One simple way to differentiate nicotinic and muscarinic clinical effects is the relative incidence of diarrhea, as diarrhea is a reflection of muscarinic activity. The large, double-blind, placebo-controlled registration studies reported in the Physician’s Desk Reference indicate that the relative difference in the incidence of diarrhea between patients on rivastigmine or donepezil compared to placebo is large. Donepezil patients reported diarrhea 100 % more frequently than placebo patients (Medical Economics Staff 2002). In contrast, galantamine patients had only 29 % more diarrhea than their placebo counterparts. Table 3.1 summarizes these differences.

The cognitive profiles of galantamine and donepezil demonstrate a difference that can be attributed to enhanced nicotinic stimulation by galantamine. A 52-week, rater-blinded study directly compared the effects of donepezil and galantamine on the Mini-Mental State Exam (MMSE) and the Alzheimer’s Disease Assessment Scale—cognitive (ADAS-cog) (Wilcock et al. 2003). In a preplanned analysis of patients meeting the UK’s National Institute of Clinical Excellence criteria for moderate AD (having MMSE scores from 10 to 18), the two drugs significantly differed in their ability to improve performance on the attention and language subscales over the 52 weeks of the study, as shown in Fig. 3.1. The language subscale contains commands, which require working memory. Both attention and working memory can be enhanced by nicotinic stimulation. On the ADAS-cog, performance on the “commands” question was also significantly better in galantamine than donepezil patients (data on file). This pattern of results with galantamine is consistent with its ability to enhance central nicotinic activity beyond cholinesterase inhibition, through allosteric modulation of receptors.

As the experimental therapeutics of AD has evolved, increased emphasis has been placed on the development of compounds that would offer neuroprotection, enhance the clearance of β-amyloid (Aβ), or decrease the formation or toxicity of various forms of the Aβ peptides. Nicotinic activity can mediate both neuronal survival and Aβ clearance.
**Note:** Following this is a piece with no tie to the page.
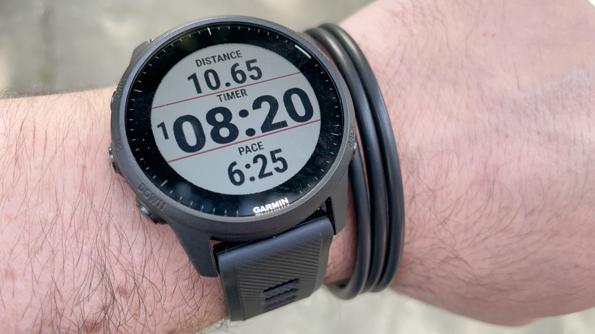 This Forerunner is a surprisingly classy athletic watch. It’s not as chunky as the company’s Instinct Solar [check out our hands-on review]. And, while nowhere near as sleek as the Venu 2 [see our thoughts on that model], the understated design looked good when I met some coworkers for dinner. At 44.4 mm in diameter, 13.9 mm thick, and only 49 grams, it’s comfortable, too. Like many of Garmin’s sports watches, the Forerunner dons a familiar array of five control buttons, which I had no problem finding by touch while working out.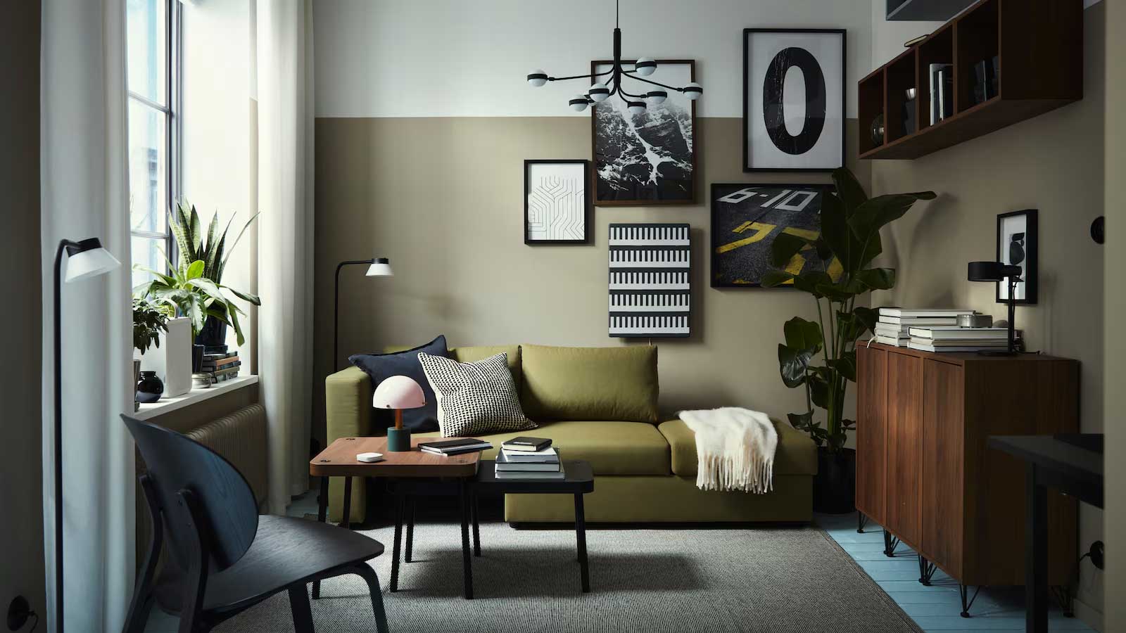 Þegar gestirnir kveðja getur þú minnkað húsgögnin og fengið meira pláss. Geymdu rúmföt undir sætinu og breyttu svefnsófanum í tveggja sæta sófa. Þú getur sett annað innskotsborðið undir hitt til að skapa gólfpláss. Jarðtónar og náttúruleg hráefni ásamt hentugum hirslum sjá um að skapa stílinn og notalegt andrúmsloft.

That nicotinic mechanisms may be neuroprotective has strong epidemiologic support in a preventive effect of smoking on the incidence of Parkinson’s disease. There is a beneficial effect of duration of smoking, and neuroprotection has been demonstrated in identical twins discordant for smoking (Chen et al. 2010). While lifestyle and many other physiological effects of smoking may contribute to these findings, the α₄β₂ and a₇ nicotinic receptors can mediate neuroprotective mechanisms (Kawamata and Shimohama 2011). Smoking itself does not lower the incidence of AD, perhaps due to adverse effects on other organ systems (Kulkull 2001).

Depending on brain region, 11–37 % of α₄β₂ nicotinic receptors have as their fifth member, the α₅ subunit (Kuryatov et al. 2008). These α₄β₂α₅ subtypes are more sensitive to agonists and produce a larger maximal current than α₄β₂ receptors lacking the α₅ subunit (Mao et al. 2008). Galantamine, at clinical concentrations, enhances the activity of α₄β₂α₅ receptors by 220 %, as compared to 20–30 % for other nicotinic receptors (Kuryatov et al. 2008). As shown in Fig. 3.2, galantamine, applied simultaneously with a combination of glutamate and Aβ species, blocks their neurotoxic effect (Kihara et al. 2004). In a separate experiment, 24-hour pretreatment of a neuronal culture with galantamine increased survival following a toxic dose of glutamate by 78 % (p < .01). The protection against glutamate was nicotinic, as mecamylamine blocked 2/3 of galantamine’s benefit. Dihydrobetaerythroidine, an α₄β₂-blocker, reduced the galantamine effect by a little more than half, while methyllyaconitine, an α₇-antagonist, caused a 1/3 reduction (all p < .01) (Takada-Takatori et al. 2006). Thus, galantamine’s potent effect on an especially active subset of α₄β₂ receptors may play a large part in galantamine-induced neuroprotection. Cholinesterase inhibitors which do not enhance nicotinic receptor function through allosteric enhancement may nevertheless be expected to have some nicotinic activity. Thus, donepezil can protect neurons against glutamate toxicity, but is 10× less potent than galantamine (Takada-Takatori et al. 2009).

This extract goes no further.